INP-Former

INP-Former#

Exploring Intrinsic Normal Prototypes within a Single Image for Universal Anomaly Detection.

INP-Former is trained on normal images using a feature-reconstruction framework based on DINOv2.

A frozen pre-trained encoder produces patch tokens, and an INP Extractor uses M learnable query tokens with cross-attention over those patch tokens to aggregate them into M Intrinsic Normal Prototypes (INPs) per image; an INP Coherence Loss pulls each patch feature toward its nearest INP so the INPs reliably capture that image’s normal patterns.

A Bottleneck fuses multi-scale encoder features, and an INP-Guided Decoder reconstructs them using the INPs as keys/values in cross-attention (with the first residual connection removed and a ReLU on attention weights), so its output is constrained to lie in the span of normal prototypes and anomalous queries cannot be reconstructed. A Soft Mining Loss upweights hard-to-reconstruct tokens during training, and at test time the per-token discrepancy between encoder features and decoder outputs is used as the anomaly score and map.

Example

>>> from anomalib.data import MVTecAD
>>> from anomalib.models import InpFormer
>>> from anomalib.engine import Engine

>>> datamodule = MVTecAD()
>>> model = InpFormer()
>>> engine = Engine()

>>> engine.fit(model, datamodule=datamodule)
>>> predictions = engine.predict(model, datamodule=datamodule)

Notes

The model uses DINOv2 Vision Transformer as the backbone encoder
Features are extracted from intermediate layers (typically layers 2-9 for base models)
A bottleneck MLP compresses multi-layer features before reconstruction
Anomaly maps are computed using cosine similarity between encoder-decoder features
The model supports both unsupervised anomaly detection and localization

See also

anomalib.models.image.inp_former.torch_model.InpFormerModel:: PyTorch implementation of the InpFormer model.

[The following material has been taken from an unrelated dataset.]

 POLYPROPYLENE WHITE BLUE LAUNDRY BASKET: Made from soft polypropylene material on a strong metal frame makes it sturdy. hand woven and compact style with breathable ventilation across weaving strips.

class anomalib.models.image.inp_former.lightning_model.InpFormer(encoder_name='vit_base_patch14_reg4_dinov2', target_layers=None, fuse_layer_encoder=None, fuse_layer_decoder=None, remove_class_token=True, inp_num=6, precision=PrecisionType.FLOAT32, pre_processor=True, post_processor=True, evaluator=True, visualizer=True)#

Bases: AnomalibModule

InpFormer Lightning Module for Vision Transformer-based Anomaly Detection.

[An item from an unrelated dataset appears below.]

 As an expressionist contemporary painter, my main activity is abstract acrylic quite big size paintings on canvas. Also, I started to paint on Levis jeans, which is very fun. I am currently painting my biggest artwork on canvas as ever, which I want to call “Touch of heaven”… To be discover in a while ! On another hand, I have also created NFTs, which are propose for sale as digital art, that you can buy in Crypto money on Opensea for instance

This lightning module trains the INP-Former anomaly detection model (InpFormerModel). During training, the decoder learns to reconstruct normal features from Intrinsic Normal Prototypes (INPs) extracted from each image by an INP Extractor. During inference, INPs extracted from the test image guide the decoder to reconstruct normal regions successfully but fail on anomalous ones, and the per-token reconstruction error serves as the anomaly score.

Parameters:

encoder_name (str) – Name of the Vision Transformer encoder to use. Supports DINOv2 variants (small, base, large) with different patch sizes. Defaults to “vit_base_patch14_reg4_dinov2”.
target_layers (list[int] | None) – List of encoder layer indices to extract features from. If None, uses [2, 3, 4, 5, 6, 7, 8, 9] for base models and [4, 6, 8, 10, 12, 14, 16, 18] for large models.
fuse_layer_encoder (list[list[int]] | None) – Groupings of encoder layers for feature fusion. If None, uses [[0, 1, 2, 3], [4, 5, 6, 7]].
fuse_layer_decoder (list[list[int]] | None) – Groupings of decoder layers for feature fusion. If None, uses [[0, 1, 2, 3], [4, 5, 6, 7]].
remove_class_token (bool) – Whether to remove class token from features before processing. Defaults to True.
inp_num (int) – Number of Intrinsic Normal Prototypes (INPs) to extract per image. Defaults to 6.
precision (str | PrecisionType) – Precision type for model computations. Can be either a string ("float32", "float16") or a PrecisionType enum value. Defaults to PrecisionType.FLOAT32.
pre_processor (PreProcessor | bool) – Pre-processor instance or flag to use default. Defaults to True.
post_processor (PostProcessor | bool) – Post-processor instance or flag to use default. Defaults to True.
evaluator (Evaluator | bool) – Evaluator instance or flag to use default. Defaults to True.
visualizer (Visualizer | bool) – Visualizer instance or flag to use default. Defaults to True.

Example

>>> from anomalib.data import MVTecAD
>>> from anomalib.models import InpFormer
>>>
>>> # Basic usage with default parameters
>>> model = InpFormer()
>>>
>>> # Custom configuration
>>> model = InpFormer(
...     encoder_name="vit_large_patch14_reg4_dinov2",
...     inp_num=6
... )
>>>
>>> # Training with datamodule
>>> datamodule = MVTecAD()
>>> engine = Engine()
>>> engine.fit(model, datamodule=datamodule)

Note

The model requires significant GPU memory due to the Vision Transformer architecture. Consider using gradient checkpointing or smaller model variants for memory-constrained environments.

configure_optimizers()#

Configure optimizer and learning rate scheduler for INP-Former training.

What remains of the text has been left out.